Experiments

Experimentation helps you make data-driven product decisions by measuring the real impact of changes on user behavior. Mixpanel is an ideal place to run experiments because all your product analytics data is already here.

The Experiment Report is a separately priced product add-on currently only offered to those on the Enterprise Plan. See our pricing page for more details.Customers who have not purchased the Experiment add-on will be able to create up to 3 experiments per organization. Please note that creation is irreversible.

Why Experiment?

Experimentation helps you make data-driven product decisions by measuring the real impact of changes on user behavior.
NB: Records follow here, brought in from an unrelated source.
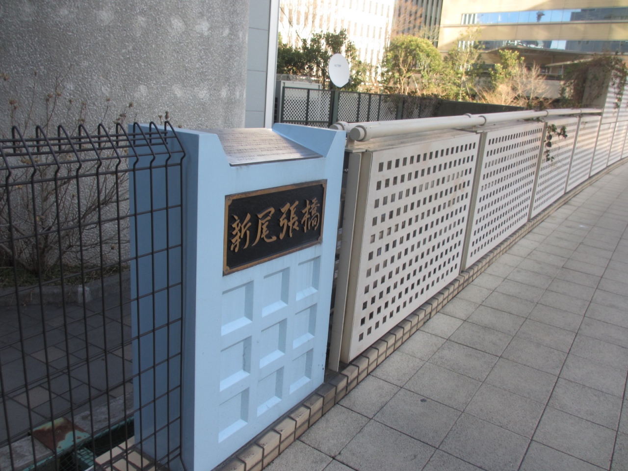 首都高速道路に架かる橋で築地5丁目にあります。このあたりは江戸時代に尾張徳川家の築地下屋敷があった場所だそうで、この地点から下流100メートルに江戸時代初期から昭和40年はじめまで尾張橋という橋があり、その名を残すために新尾張橋という名前になったそうです。橋自体にはこれといった特徴はなかったです。
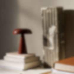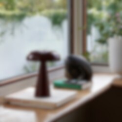 Höj stämning med Como SC53, en bärbar bordslampa från Space Copenhagen. Tillverkad av anodiserad aluminium, Comos robusta bas smalnar av upp mot en mjukböjd svampformar skärm som sprider ett fint varmt ljus i inomhus- och utomhusmiljöer. Lampan har tre ljusstyrkor, 100%, 70% och 40%, batteritid vid 100% är 11 timmar.
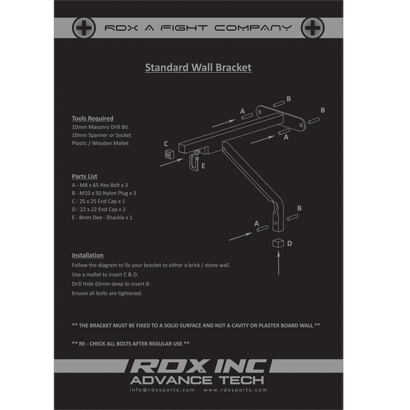 Description RDX X1 Punch Bag Steel Wall Bracket max 40 Kg
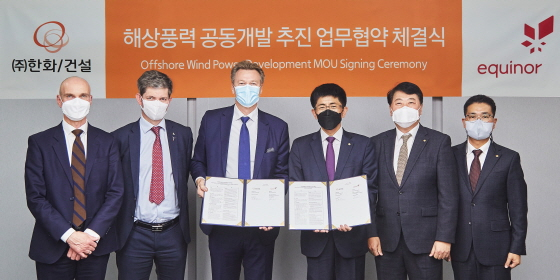 ㈜한화 건설부문이 7일 서울 장교동 한화빌딩에서 노르웨이 국영 에너지기업인 에퀴노르와 국내 해상풍력 공동개발 추진을 위한 업무협약을 체결했다.

Mixpanel provides comprehensive insights into how changes affect your users’ journey.

Prerequisites

Before getting started with experiments:

Exposure Event Tracking: Implement your experimentation events (see Implementation below)
Baseline Metrics: Ensure that Mixpanel is already tracking your key metrics

Experiment Process

The experiment workflow follows these stages: Plan → Setup & Launch → Monitor → Interpret Results → Make Decisions

Plan: Define hypothesis, success metrics, and test parameters
Setup & Launch: Configure experiment settings and begin exposure
Monitor: Track experiment progress and data collection
Interpret Results: Analyze statistical significance and lift
Make Decisions: Choose whether to ship, iterate, or abandon changes

Setup & Launch Your Experiment

Select an Experiment

Click ‘New Experiment’ from the Experiment report menu and select your experiment. Any experiment started in the last 30 days will automatically be detected and populated in the dropdown.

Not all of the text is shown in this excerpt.